Biólogos (ou físicos da vida): adoro a visão de incorporar analogias do comportamento dos seres vivos nas análises… no final quase sempre estamos modelando seres vivos! A quem ocorre a ideia de modelar o efeito da frequência de exposição da mídia utilizando uma forma funcional do efeito do fertilizante sobre numa planta?…

Engenheiros ( práticos: 2+2=3.9 pode ser uma ótima solução). Muitos dos métodos usados no Data Science foram criados por engenheiros diante da necessidade de resolver problemas concretos. O cientista de dados tem que ser sempre um pouco engenheiro, ao final lidamos com projetos e tempos e como qualquer profissão precisamos ser rentáveis. Aqueles engenheiros provenientes de áreas de controle ou processamento de sinais já trazem uma bagagem em técnicas bastante completa para o Data Science.

Economistas. As vezes muito criticados, mas são eles que têm a coragem de explicar as coisas que ninguém se atreve… incorporam a visão filosófica das teorias econômicas fundamental na modelagem, especialmente se são bons em econometria. 

Psicólogos. Depois que Daniel Kahneman – psicólogo ganhador do Nobel em Economia – acho que é próximo perfil que estará de moda no mundo do Data Science, já que a maioria dos projetos é precisamente prever o comportamento humano. O entendimento do ser humano com suas decisões irracionais será fundamental para o melhoramento dos modelos.

Independentemente da palavra de moda para designar o trabalho da análise de dados, uma coisa estou seguro, todos seremos Centauros!… Data Centauros!

Nos últimos tempos leio centenas de matérias sobre a avalanche da inteligência artificial (AI), alguns inclusive em tons alarmistas de como ela se converterá em diferencial competitivo nas empresas. Mas pensemos bem, os algoritmos em algum momento serão facilmente reproduzíveis e estarão comoditizados…. Qual vai ser então o diferencial?
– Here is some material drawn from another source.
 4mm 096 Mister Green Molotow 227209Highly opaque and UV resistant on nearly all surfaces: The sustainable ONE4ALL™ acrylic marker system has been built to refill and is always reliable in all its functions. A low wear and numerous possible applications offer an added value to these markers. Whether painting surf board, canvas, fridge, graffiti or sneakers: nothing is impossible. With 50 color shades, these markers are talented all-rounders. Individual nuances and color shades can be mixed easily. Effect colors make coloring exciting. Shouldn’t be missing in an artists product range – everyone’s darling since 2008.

Sem dúvida, a Inteligência Natural (NI) será a chave, ela será cada vez mais valorizada, ela sim é que não é barata, precisa ser concebida, alimentada, educada e treinada. Mas sem equívoco, ela será amplificada com a AI, criando um novo tipo de inteligência híbrida. Seremos centauros, como nos campeonatos de xadrez de Garry Kasparov, onde competem – homem & máquina – contra -homem & máquina. Neste campeonato, pressupõe-se que a pessoa tenha que ser um ótimo jogador de xadrez, e não adianta ser apenas um mero operador de computador. 

Para nos prepararmos para o futuro não basta empregar os algoritmos de inteligência artificial como simples caixas pretas sem saber questionar, criticar e modificar seus resultados.

Muito novos perfis serão atraídos a este fascinante mundo: administradores, jornalistas, médicos, inclusive já surgem faculdades específicas sobre a profissão. De qualquer maneira, é na interseção de fronteiras de conhecimento onde a inovação prevalece… por isso acreditamos na mescla de perfis e na contraposição de visões de pensamento, baseadas sempre no método científico.